Reproduce, from the lines below, exactly the stretch that begins at the line containing "suporte nos 0,24-0,26" and ends at the line containing "엑스박스 게임 바의 스포티파이 위젯에서 음악과 팟캐스트를 들을 수 있게 됩니다.", both included.

_INPUT_
______

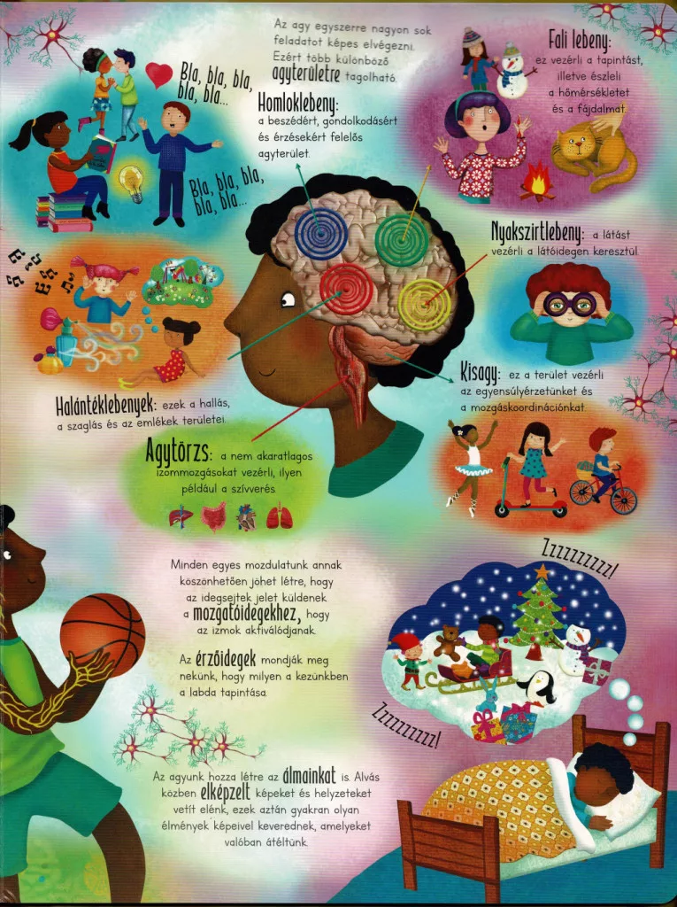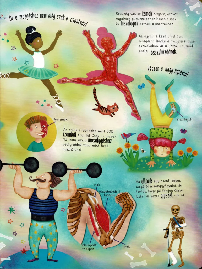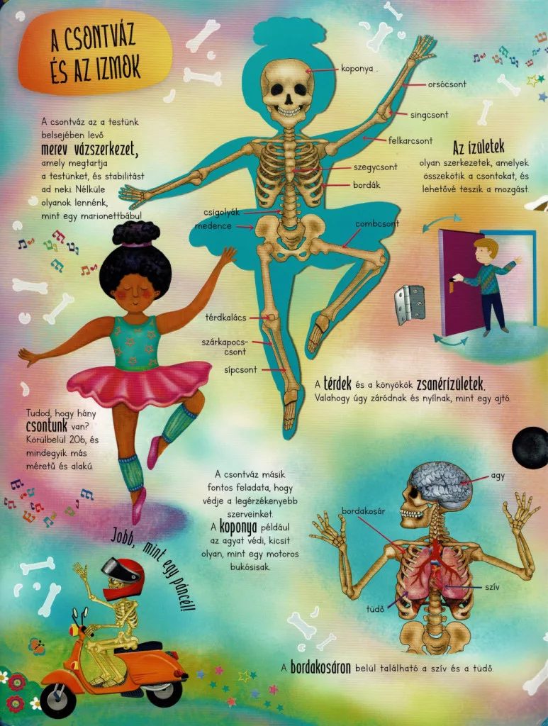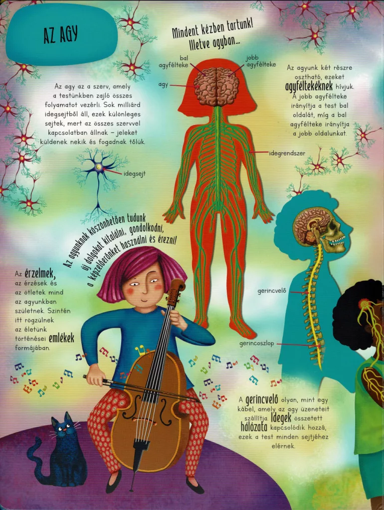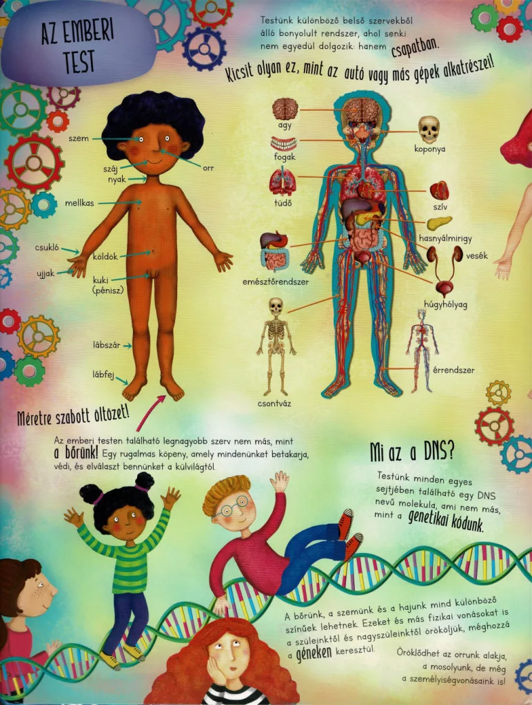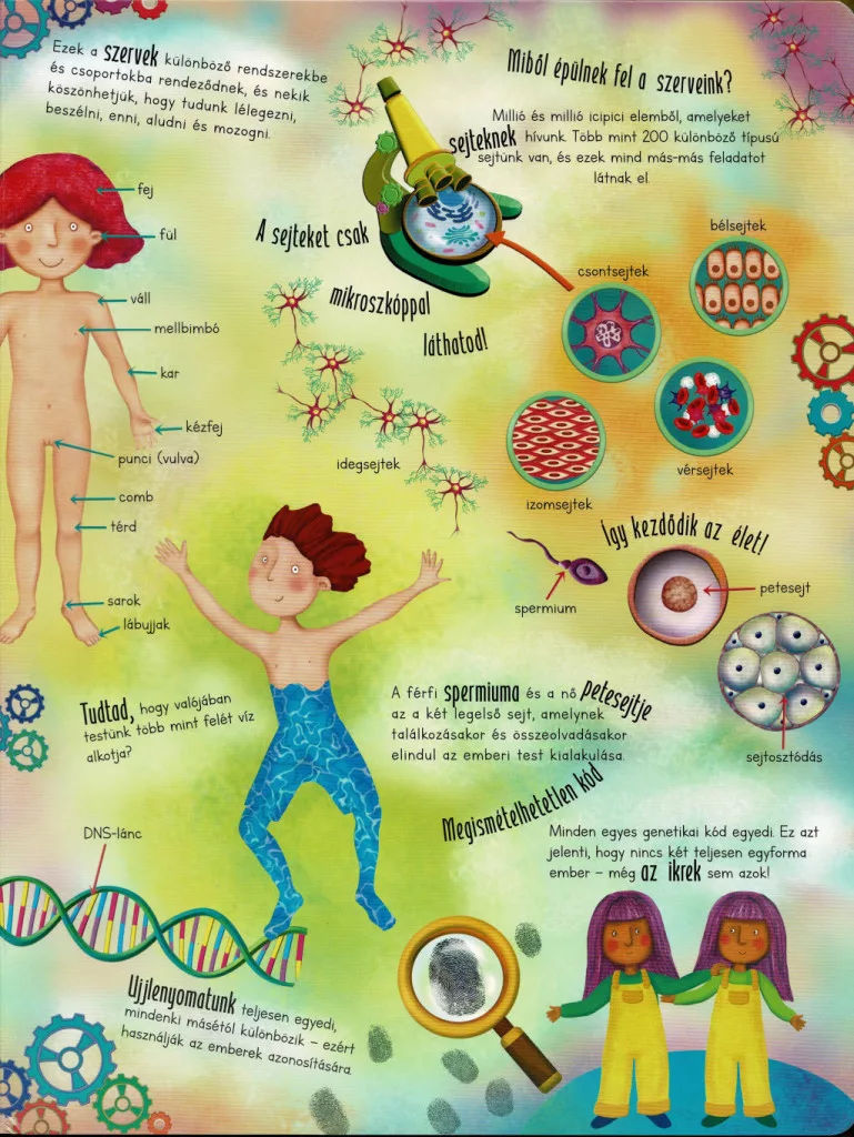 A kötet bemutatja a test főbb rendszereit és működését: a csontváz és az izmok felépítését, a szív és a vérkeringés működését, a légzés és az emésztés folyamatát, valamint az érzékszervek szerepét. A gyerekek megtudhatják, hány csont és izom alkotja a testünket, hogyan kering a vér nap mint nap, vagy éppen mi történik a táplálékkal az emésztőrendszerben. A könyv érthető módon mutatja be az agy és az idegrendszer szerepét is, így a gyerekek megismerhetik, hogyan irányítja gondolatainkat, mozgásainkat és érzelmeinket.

______

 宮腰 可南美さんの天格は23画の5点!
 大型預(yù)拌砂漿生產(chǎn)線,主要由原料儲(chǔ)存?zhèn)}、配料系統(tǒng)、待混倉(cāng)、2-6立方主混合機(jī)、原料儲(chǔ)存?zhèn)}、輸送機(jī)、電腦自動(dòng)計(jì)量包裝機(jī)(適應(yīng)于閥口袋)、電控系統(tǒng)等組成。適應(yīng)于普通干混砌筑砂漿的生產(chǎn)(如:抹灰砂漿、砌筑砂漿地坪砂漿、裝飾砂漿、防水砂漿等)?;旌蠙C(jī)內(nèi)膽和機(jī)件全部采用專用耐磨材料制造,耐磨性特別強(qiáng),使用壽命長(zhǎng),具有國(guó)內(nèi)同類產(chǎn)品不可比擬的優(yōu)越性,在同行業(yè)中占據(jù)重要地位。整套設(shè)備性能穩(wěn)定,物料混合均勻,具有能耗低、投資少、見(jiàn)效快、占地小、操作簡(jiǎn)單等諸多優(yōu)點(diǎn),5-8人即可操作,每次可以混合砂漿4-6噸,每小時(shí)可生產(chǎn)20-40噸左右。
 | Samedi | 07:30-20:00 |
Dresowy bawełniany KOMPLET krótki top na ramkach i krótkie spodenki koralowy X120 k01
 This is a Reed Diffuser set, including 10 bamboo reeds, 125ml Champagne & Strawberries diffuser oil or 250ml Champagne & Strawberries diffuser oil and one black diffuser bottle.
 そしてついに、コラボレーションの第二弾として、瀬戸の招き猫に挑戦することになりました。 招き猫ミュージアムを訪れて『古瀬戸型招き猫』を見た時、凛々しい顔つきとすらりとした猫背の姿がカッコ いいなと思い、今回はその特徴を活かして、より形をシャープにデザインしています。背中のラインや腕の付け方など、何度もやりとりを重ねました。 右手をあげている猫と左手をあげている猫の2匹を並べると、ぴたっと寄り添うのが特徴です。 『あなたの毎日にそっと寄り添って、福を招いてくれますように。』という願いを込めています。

______

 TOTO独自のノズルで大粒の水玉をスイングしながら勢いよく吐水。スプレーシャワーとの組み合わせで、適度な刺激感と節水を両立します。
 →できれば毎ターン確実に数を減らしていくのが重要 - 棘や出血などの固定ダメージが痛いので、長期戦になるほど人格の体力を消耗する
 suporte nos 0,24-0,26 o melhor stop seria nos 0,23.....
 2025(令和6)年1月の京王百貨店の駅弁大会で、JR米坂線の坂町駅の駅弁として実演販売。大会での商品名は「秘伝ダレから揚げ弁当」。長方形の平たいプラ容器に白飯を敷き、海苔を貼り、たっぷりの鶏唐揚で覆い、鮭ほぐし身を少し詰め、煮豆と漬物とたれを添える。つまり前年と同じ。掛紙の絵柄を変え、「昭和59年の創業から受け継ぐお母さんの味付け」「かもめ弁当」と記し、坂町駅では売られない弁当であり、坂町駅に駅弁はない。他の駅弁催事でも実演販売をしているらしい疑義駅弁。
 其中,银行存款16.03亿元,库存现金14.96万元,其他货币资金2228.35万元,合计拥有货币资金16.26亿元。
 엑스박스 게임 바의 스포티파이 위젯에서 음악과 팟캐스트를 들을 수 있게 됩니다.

______

_EXERCISE RESULT_
 suporte nos 0,24-0,26 o melhor stop seria nos 0,23.....
 2025(令和6)年1月の京王百貨店の駅弁大会で、JR米坂線の坂町駅の駅弁として実演販売。大会での商品名は「秘伝ダレから揚げ弁当」。長方形の平たいプラ容器に白飯を敷き、海苔を貼り、たっぷりの鶏唐揚で覆い、鮭ほぐし身を少し詰め、煮豆と漬物とたれを添える。つまり前年と同じ。掛紙の絵柄を変え、「昭和59年の創業から受け継ぐお母さんの味付け」「かもめ弁当」と記し、坂町駅では売られない弁当であり、坂町駅に駅弁はない。他の駅弁催事でも実演販売をしているらしい疑義駅弁。
 其中,银行存款16.03亿元,库存现金14.96万元,其他货币资金2228.35万元,合计拥有货币资金16.26亿元。
 엑스박스 게임 바의 스포티파이 위젯에서 음악과 팟캐스트를 들을 수 있게 됩니다.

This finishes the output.